Tara menatap wajah gadis mungil yang tertidur pulas di pangkuannya. Tidak
seperti biasa, baru pertama ini dia begitu sayang kepada adik kecilnya.
Tangan Nirina, gadis kecil yang baru berusia lima tahun, memeluk erat jemari
kakaknya. Ada ketakutan kehilangan pada jemari mungil itu.

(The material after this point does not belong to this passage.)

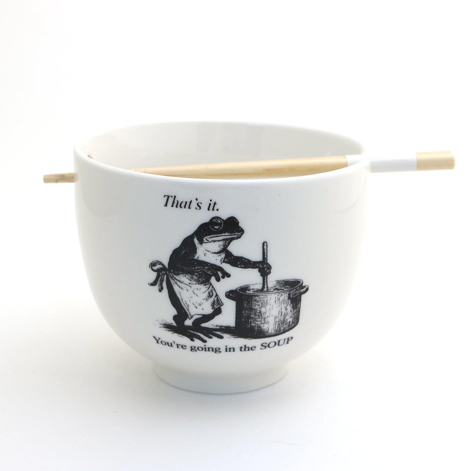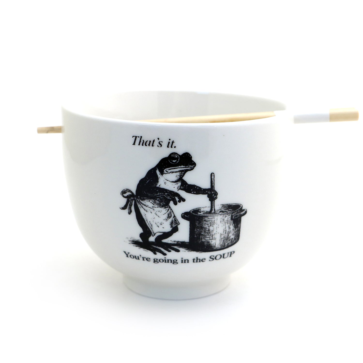 Frog noodle bowl with reusable chopsticks. Reads "That's it, You're Going in the Soup!" Great for ramen, pho, or take out. Created in my New Jersey studio from stoneware clay. Measures 5 x 4 and holds 20 ounces. Has two cut outs on rim to rest chopsticks. Made from lead free, eco friendly materials- kiln fired twice to 1900 degrees. Safe to place in the dishwasher and microwave. Made to be used and enjoyed. Gift boxed.

Hidup ini memang ganas, tak berpihak padanya. Setelah kedua orang tuanya
meninggal karena korban tablak lari. Kedua anak malang itu harus terlunta
mencari kerabatnya di kota lain.
“Jaga Nirina di rumah ya, bapak dan ibu ke rumah bude, sekadar ingin
mengucapkan selamat menempuh hidup baru kepada putrinya,” ujar ibunya
kala itu.
Tara, bocah 14 tahun yang belum sempat masuk ke rumah menjerit histeris
sembari berlari menghampiri kedua orang tuanya yang tergeletak di pinggir
jalan.
Akan tetapi di mana rumah bude? di mana kakak sepupunya yang menjadi
mempelai dan menempuh hidup baru penuh kebahagiaan?
Keduanya menempuh hidup baru, dengan jalur yang berbeda, rumah yang
berbeda. Kedua anak yatim piatu itu menjalani hidup baru di jalanan tanpa
tembok penghangat, tanpa atap pelindung.
“Ibu dan Bapak sudah punya rumah sendiri di surga, kita akan membangun
rumah juga di bawah langit itu,” seru Tara sembari menunjuk ke arah langit.
Netra bulat bergerak mengikuti telunjuk sang kakak, “Langitnya gelap, mana
mungkin kita bisa membangun rumah,” tanyanya polos.
“Bisa Nirina, nanti Mas tunjukkan caranya.” Kedua anak itu saling menatap,
ada gurat bahagia di mata Tara yang dipancarkan untuk menghibur Nirina.
Walaupun itu hanya sebuah kebahagian dusta.